Hal ini sangat menguatirkan beberapa pihak, diantaranya dua anggota Kongres Amerika, William Delahunt dan Dana Rohrabachar telah mengajukan rancangan resolusi kepada Kongres Amerika Serikat untuk mendesak lembaga tersebut dan pemerintahan Obama agar mengutuk tindakan Pemerintah Cina dalam menumpas aksi protes Muslim Uighur di propinsi Xinjiang yang bergejolak sejak minggu lalu itu.

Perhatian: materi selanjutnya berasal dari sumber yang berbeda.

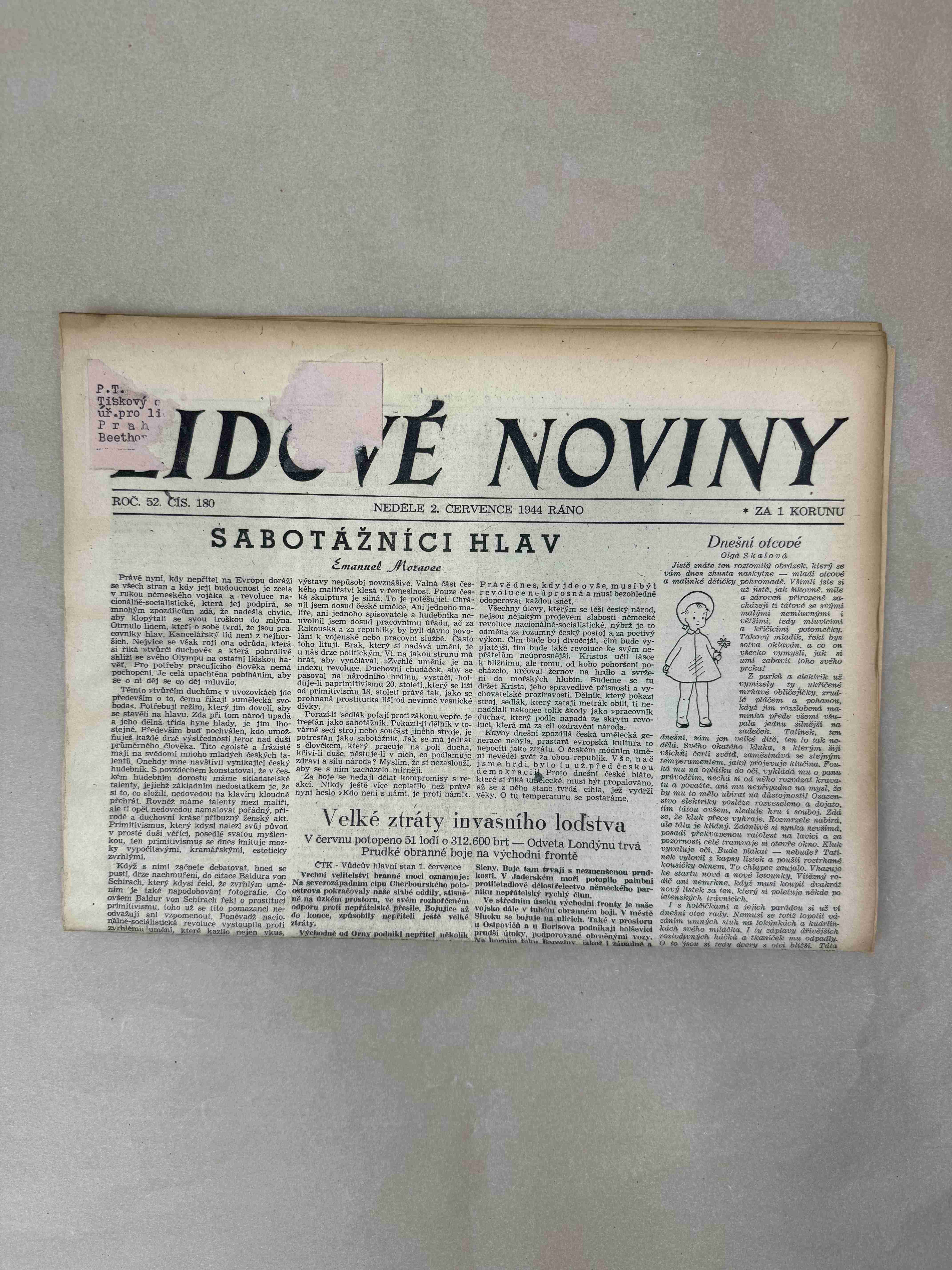 Nabízené noviny jsou určeny výhradně ke sběratelským účelům a neslouží k propagaci jakéhokoliv hnutí směřujícího k potlačení práv a svobod člověka (nacistického, komunistického apod.). Prodávající se distancuje od výše uvedených hnutí a jejich myšlenek.
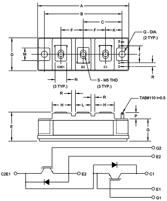 CM50DU-24F, модуль 2 IGBT RTC 1200В 50A 4 поколение F серия (печатный каталог ПЛАТАН)
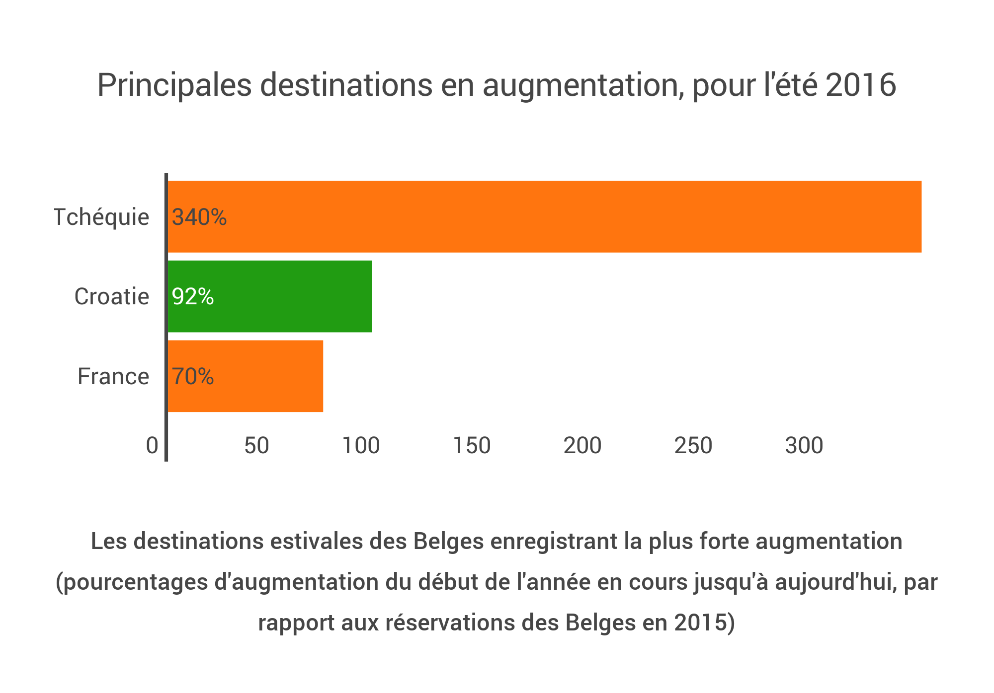 Les pays où l'offre a été étendue, à savoir les Pays-Bas, l'Espagne et l'Italie, figurent parmi les cinq destinations estivales qui ont le plus de succès auprès des Belges. La France et la Belgique font également partie de ce classement, où la France se situe en tête. Pour cet été, la plus forte croissance est enregistrée par la Tchéquie, suivie par la Croatie et la France.

Dalam konferensi pers bersama, Delahunt dari fraksi Demokrat mengatakan Muslim Uighur ditindas secara brutal di Tiongkok. Sementara Rohrabacher dari fraksi republik mengatakan pemerintah komunis Tiongkok secara keliru menggambarkan Uighurs sebagai teroris. Selain itu mereka juga mendesak Beijing agar tidak menjatuhkan hukuman mati kepada siapa saja yang terlibat dalam aksi protes itu

Bertolak belakan dari itu Dubes Indonesia di Cina, Sudrajat, mengatakan “Kita konsisten untuk tidak ikut-ikutan maupun campur tangan dalam setiap masalah yang terjadi di China. Kita hormati China sebagai negara yang berdaulat,”
selain itu Sudrajad juga menegaskan bahwa telah ada kesepakatan dari kedua negara bahwa kedua pihak sama-sama menghormati kedaulatan negara dan tidak campur tangan. “Termasuk juga soal Xinjiang, kita tidak ingin campur tangan,” tegasnya.